### AVAILABLE RECORDS
>>>>>

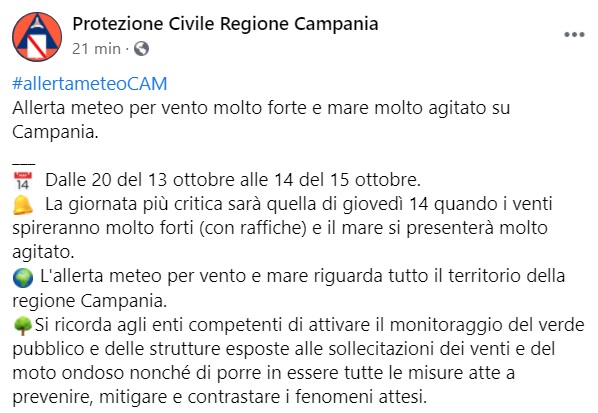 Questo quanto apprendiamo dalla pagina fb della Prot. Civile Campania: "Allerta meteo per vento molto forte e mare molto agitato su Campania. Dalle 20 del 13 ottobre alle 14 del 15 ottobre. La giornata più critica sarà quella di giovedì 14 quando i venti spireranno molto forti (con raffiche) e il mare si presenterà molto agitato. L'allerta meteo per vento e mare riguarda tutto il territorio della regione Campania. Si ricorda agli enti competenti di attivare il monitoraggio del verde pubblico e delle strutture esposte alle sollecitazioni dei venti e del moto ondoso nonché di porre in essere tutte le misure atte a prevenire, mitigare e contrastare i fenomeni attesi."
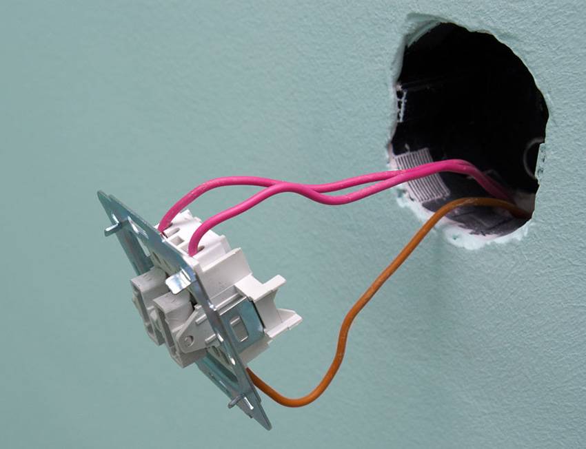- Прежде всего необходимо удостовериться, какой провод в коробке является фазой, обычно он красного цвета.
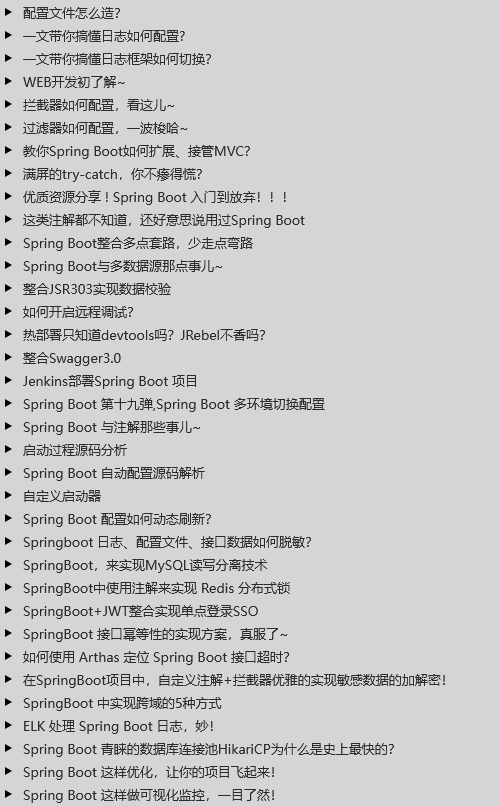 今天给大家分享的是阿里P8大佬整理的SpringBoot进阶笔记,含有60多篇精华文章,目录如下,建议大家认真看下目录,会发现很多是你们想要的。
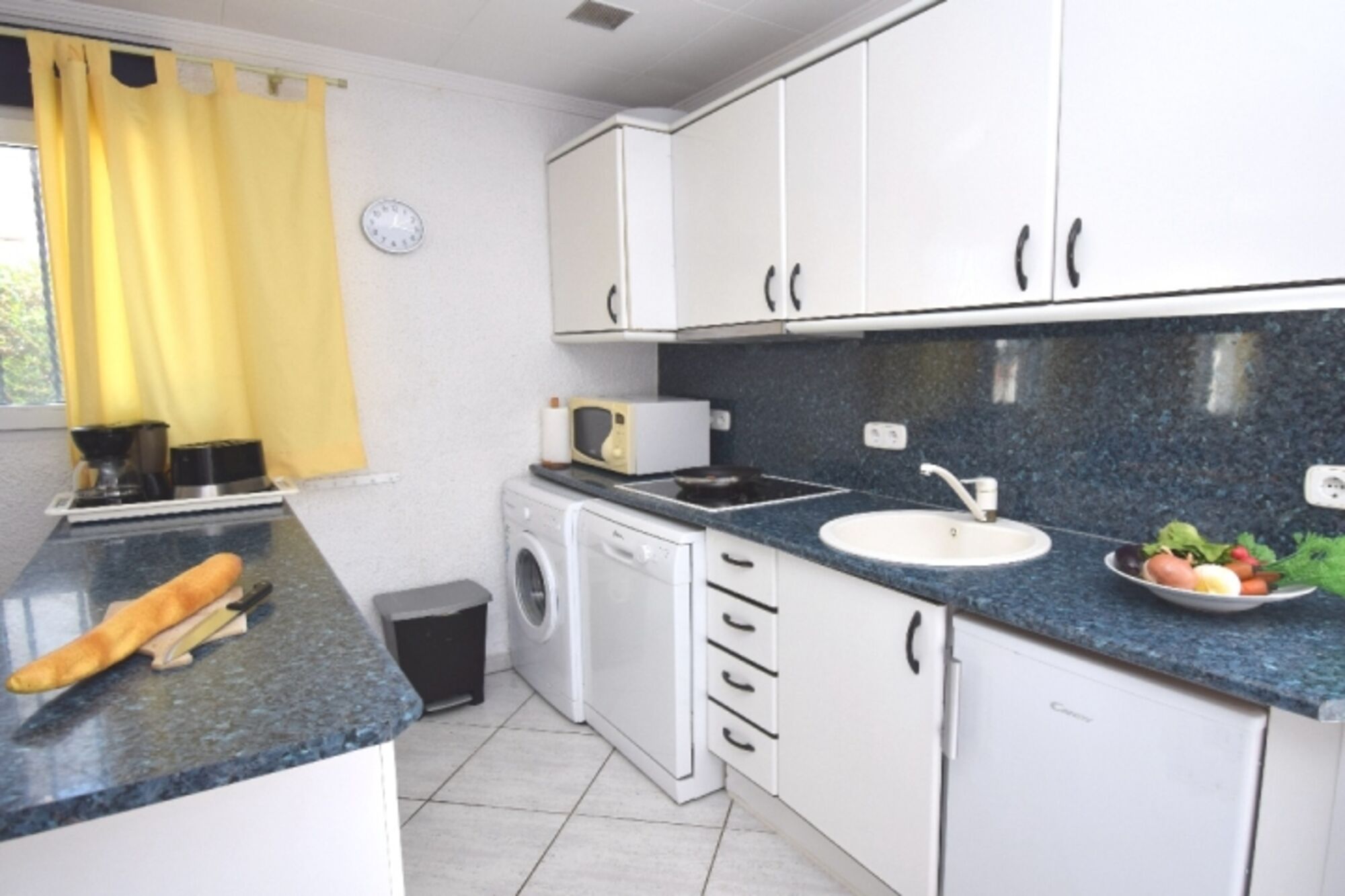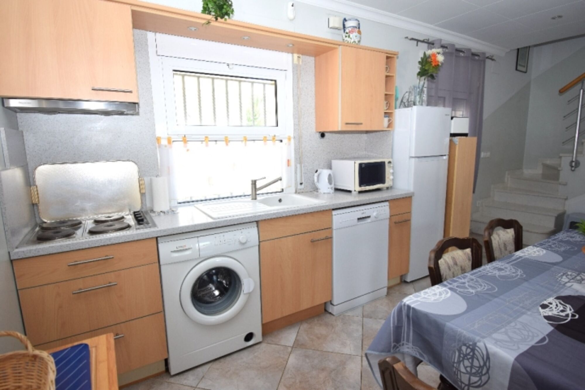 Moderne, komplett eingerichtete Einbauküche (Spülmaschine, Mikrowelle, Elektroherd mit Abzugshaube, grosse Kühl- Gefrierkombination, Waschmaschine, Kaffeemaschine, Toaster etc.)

<<<<<
>>>>>

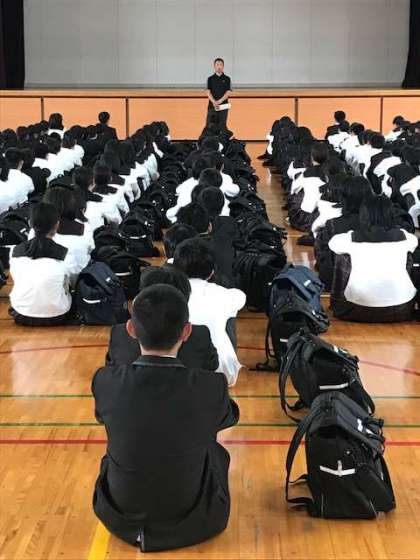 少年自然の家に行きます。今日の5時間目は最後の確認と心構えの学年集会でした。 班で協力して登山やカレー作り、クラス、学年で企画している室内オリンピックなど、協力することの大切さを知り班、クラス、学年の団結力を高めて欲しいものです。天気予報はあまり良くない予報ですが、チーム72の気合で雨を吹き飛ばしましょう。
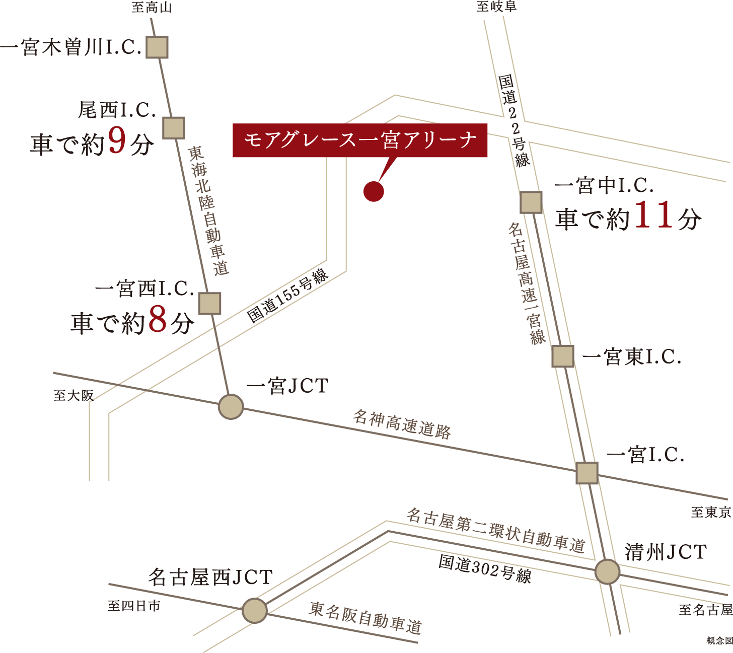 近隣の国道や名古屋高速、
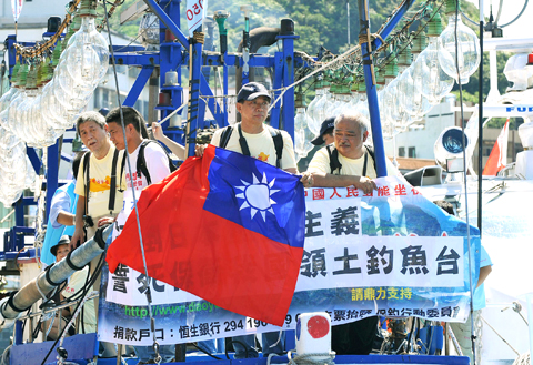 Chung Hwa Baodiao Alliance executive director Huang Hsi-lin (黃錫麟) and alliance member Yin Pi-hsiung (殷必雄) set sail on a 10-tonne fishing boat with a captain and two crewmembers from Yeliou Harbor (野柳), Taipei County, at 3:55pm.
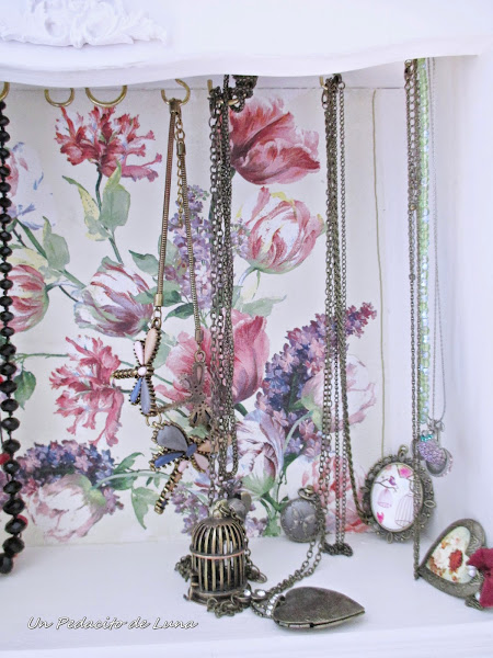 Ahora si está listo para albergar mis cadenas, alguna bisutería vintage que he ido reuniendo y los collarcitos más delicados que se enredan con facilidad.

<<<<<

### YOUR OBJECTIVE
Set down again, word for word, every line from the one with "少年自然の家に行きます。今日" to the one with "Ahora si está" in the entries above, and omit the pictures.

### WRITTEN SOLUTION
 少年自然の家に行きます。今日の5時間目は最後の確認と心構えの学年集会でした。 班で協力して登山やカレー作り、クラス、学年で企画している室内オリンピックなど、協力することの大切さを知り班、クラス、学年の団結力を高めて欲しいものです。天気予報はあまり良くない予報ですが、チーム72の気合で雨を吹き飛ばしましょう。
 近隣の国道や名古屋高速、
 Chung Hwa Baodiao Alliance executive director Huang Hsi-lin (黃錫麟) and alliance member Yin Pi-hsiung (殷必雄) set sail on a 10-tonne fishing boat with a captain and two crewmembers from Yeliou Harbor (野柳), Taipei County, at 3:55pm.
 Ahora si está listo para albergar mis cadenas, alguna bisutería vintage que he ido reuniendo y los collarcitos más delicados que se enredan con facilidad.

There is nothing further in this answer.